Multi-region EKS for a global HR platform

The problem

An AI-native HR operating system was growing its customer base across continents. A single-region AWS setup had worked during the early phase, but it could not hold. HR data is sensitive - customers in Europe, Asia, and North America had legitimate expectations that their employee data would stay in their region, and latency to a distant cluster was already becoming a friction point in sales conversations.

Beyond data residency and latency, there was an operational consistency problem. Without a deliberate multi-region design, each regional deployment becomes a one-off: different configs, different runbooks, different failure modes. The platform sat on a trusted enterprise SaaS foundation - it had to be operated with the same rigour in every region, not improvised.

What we built

The solution is a repeating regional unit - the same cluster topology, the same service stack, the same Terraform module - deployed into each AWS region where customers need to be. Adding a new region is not a project; it is applying the same pattern to a new target.

Multi-region EKS topology. Each region runs one or more Amazon EKS clusters. Each cluster lives in its own dedicated VPC with non-overlapping CIDR ranges, sized so all VPCs remain VPN-routable if the company needs centralised access in future. Clusters are independent - a failure in one region does not cascade.

Multi-region EKS topology: independent region-local clusters across AWS regions

Per-region service stack. Every region runs the same set of services:

  • Amazon RDS (PostgreSQL) - managed relational database, Multi-AZ for availability. HR data stays in region.
  • Apache Kafka - in-cluster event backbone for async workflows and HR process orchestration.
  • Redis - in-cluster caching layer for session data and frequently accessed HR records.
  • Amazon Bedrock - AI capability layer powering the AI-native features of the HR product, accessed per-region.

Per-region service stack: EKS clusters with RDS, Kafka, Redis and Amazon Bedrock inside dedicated VPCs

Networking and access. Each VPC has its own bastion host for operator access, supporting SSH, SSM Session Manager, and EC2 Instance Connect. AWS-GitHub OIDC handles CI/CD pipeline authentication - no long-lived credentials in GitHub secrets. Terraform remote state is stored in S3 per region with state locking.

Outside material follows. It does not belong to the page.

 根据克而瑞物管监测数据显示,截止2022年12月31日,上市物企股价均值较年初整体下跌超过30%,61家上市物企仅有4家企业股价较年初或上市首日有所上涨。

Consistent deployment model. The entire regional stack is a Terraform module, parameterised by region and cluster size. Deploying to a new region is terraform apply with a new tfvars file. The same Helm charts deploy the application layer to every cluster via Argo CD with app-of-apps, so rollouts are consistent and auditable across regions.

Key outcomes

  • Region-local by default. Every customer's workloads and data run in the nearest AWS region. Data residency requirements are met at the topology level, not patched in after the fact.
  • Each cluster in its own VPC. Non-overlapping CIDRs across all VPCs keep routing clean and the fleet VPN-ready for centralised access when needed.
  • Consistent everywhere. The same Terraform module, Helm charts, and Argo CD app-of-apps deploy to every region. A new region is a config change, not a build.
  • Independent by design. Clusters are not interconnected. A regional failure stays regional - no blast radius across the fleet.
  • Secure access without static credentials. Every VPC bastion supports SSH, SSM Session Manager, and EC2 Instance Connect. AWS-GitHub OIDC handles CI/CD with no long-lived secrets.
  • AI capabilities where needed. Amazon Bedrock integrates per-region, keeping AI feature calls close to the data they operate on.